Foxes Want to Be Tamed
Foxes are shy animals. I have come to love many of them recently, not metaphorically, but real ones, in a kind of big natural park where I get to see them often. when I’m there they approach me quietly. they don’t announce their intentions, and perhaps they themselves don’t know why they come closer. curiosity without a name. a pull without a reason.
They always keep their distance. they never arrive without caution, pausing, reading the air, deciding whether to trust the moment or retreat from it. and when I watch them I see something I recognize. I approach the things I love the same way. I don’t sit with people forever, not because I don’t want to, but because something in me is always measuring the distance between safe and exposed. just like the foxes, I run from time to time. not out of cruelty. out of the same ancient instinct that makes a wild thing hesitate at the edge of someone’s hand.
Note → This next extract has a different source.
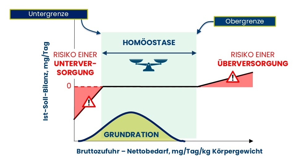 Eine Unterversorgung kann schwerwiegende Folgen haben, etwa Milchfieber oder Weidetetanie. Zwar ist das Risiko einer Toxizität bei einer Überversorgung meist geringer, doch kann sie dennoch relevante Störungen verursachen und sollte unbedingt vermieden werden. Eine übermäßige Zufuhr von Calcium kann zum Beispiel die Aufnahme wichtiger Spurenelemente wie Zink und Selen vermindern. Überschüsse an Phosphor können den Calciumstoffwechsel beeinträchtigen, und da Phosphor vom Tier nicht gespeichert werden kann, werden sie ausgeschieden, belasten so die Umwelt – und verursachen unnötige Kosten, ohne das Tier zu unterstützen.
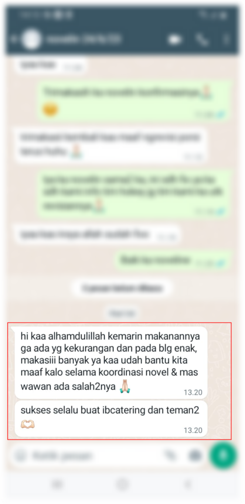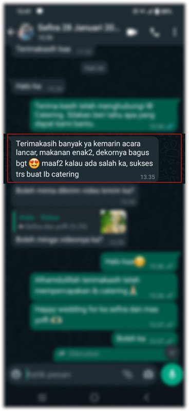 Kami tidak hanya menyajikan makanan, tetapi juga memperhatikan dekorasi yang selaras dengan konsep pernikahan Anda. Baik itu modern, tradisional, atau Jawa, dekorasi catering kami siap menyempurnakan acara dengan sentuhan yang indah dan detail yang memukau. Setiap elemen, mulai dari hiasan prasmanan, area VIP, hingga menu pondokan, dipadukan secara harmonis untuk menciptakan suasana yang istimewa dan meninggalkan kesan mendalam bagi Anda dan tamu.

The reason is simple, and it took me a while to say it plainly. foxes want to be tamed. so do I. taming is not control, it is not capture. it is the slow and patient process of making something wild feel that staying is not a surrender. it is showing up the same way, day after day, until the animal inside stops calculating the exit. if I have never found someone who could do that for me, who could make me feel that it is safe to stay, then I could not stay. it was never about not wanting to. it was always about not yet feeling it was safe enough to want to.